New Delhi: Shares of Tata Motors Passenger Vehicles Ltd fell more than 8% on Wednesday after its British subsidiary Jaguar Land Rover (JLR) guided for a profit margin well below its near-term target amid tariff-related uncertainties and weakness in China’s premium vehicle market.
Jaguar Land Rover expects a 4% operating profit margin in the current fiscal year (FY27), well below its earlier stated target of reaching 10% in the near term, suggesting that recovery at the luxury carmaker could take longer than expected.
In its investor presentation on Wednesday, projected revenue to rise 13% to £26 billion in FY27 and said it will prioritise growth in North America, including collaboration with Stellantis on Defender-related products. The company’s revenue declined 21% to £23 billion in FY26.
The revenue growth would be a first for the British brand since financial year 2024 when it recorded a 27% rise to £29 billion. However, the revenue target staying below the £29 billion reported in FY24 suggests the company is yet to fully recover from the impact of last year’s and US tariff-related disruptions that hurt sales and profitability.
JLR accounts for more than two-thirds of revenue and profit for Tata Motors.
To be sure, JLR’s guidance of a 4% operating margin this year is below the luxury carmaker’s 5-7% guidance outlined in June last year. JLR ended FY26 with earnings before interest and taxes (Ebit) margins of close to 0%, with a cyber-attack and US tariff-related disruptions imposing additional costs of more than £800 million.
Stock of Tata Motors Passenger Vehicles settled about 8.3% lower at ₹361.05 on the BSE on Wednesday.
During its investor day 2024 presentation, the company had mentioned the near-term goal of reaching 10% operating profit margin by FY26, with the long-term target of taking it up to 15% on the back of cost savings and robust revenue growth.
In its investor day 2025 presentation, the company lowered its target for FY26 after the US imposed import tariffs, but vowed to achieve the goal of 10% operating margin in the near term.
“Targeted cost savings are planned in the areas of material cost, warranty and fixed costs. These ‘Enterprise Missions’ will underpin JLR’s aim to drive £1.7bn of savings and return breakeven volumes towards 300,000 vehicles in the next two years,” the company said in a statement on its investor day.
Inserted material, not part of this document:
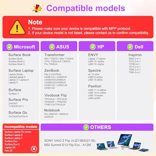 Compatible Models: Stylus Pen for Surface compatible with Surface Pro 3/Surface Pro 4/Surface Pro 5/Surface Pro 6/ Surface Pro 7/ Surface Pro 8/Surface Pro 9/Surface Pro 10/Surface Pro 11/Surface 3/Surface Book/Book 2/Book 3/Surface Laptop/Laptop 2/Laptop 3/Laptop 4/Laptop 5/Surface Studio/Studio 2/Surface Go/Go 2/Go 3/Go 4 ; Not compatible with Surface Laptop Go series and Surface Laptop 6/Laptop 7

P.B. Balaji, the chief executive of the British brand who took over in November 2025, said that the company would look to target the North American market to tap the growing potential for luxury vehicles. The commentary comes at a time when the company is facing headwinds in the Chinese market due to imposition of luxury tax and competition from local players.
“As we enter a critical business delivery phase of our Reimagine strategy, launching five new products over the next two years across our incredible House of Brands, now is also the time to evolve our plan to offer global markets greater propulsion choice to unlock growth and build resilience,” Balaji said.
“To truly manifest the power of our brands, we will increase our focus on North America, our biggest market. The rising demand for luxury products coupled with the strong preference we see for our brands signals significant growth potential,” he added.
As part of its cost-reduction strategy, the company has already trimmed its workforce in FY26, with a significant portion coming through a voluntary separation programme for managers that led to the exit of around 500 employees during the financial year.
Mint reported that JLR’s workforce declined by 3% to 42,850 employees – the first such reduction since the pandemic impacted the financial year 2022.
JLR saw sales in the North American market decline 33% in FY26 to 87,000 units while sales in the Chinese market fell 27% to 34,500 units.
The commentary from the British brand has come at a time when troubles at the company have weighed on the performance of its parent .
According to the company’s results released on 14 May, Tata Motors Passenger Vehicles’ full-year revenue fell 8% to ₹3.35 trillion, pulled by a 23% decline in volumes at JLR to 308,000 units. The impact of the cyber-attack in September and higher US tariffs on JLR imports led to an operating loss of ₹1,377 crore from a profit of ₹19,394 crore in FY25.
JLR’s profitability performance has also taken a hit in the past few years, with the company recording a net loss of about ₹2,400 crore in FY26, compared with a profit of roughly ₹21,600 crore in FY25. It recorded a net profit of around ₹27,000 crore in FY24.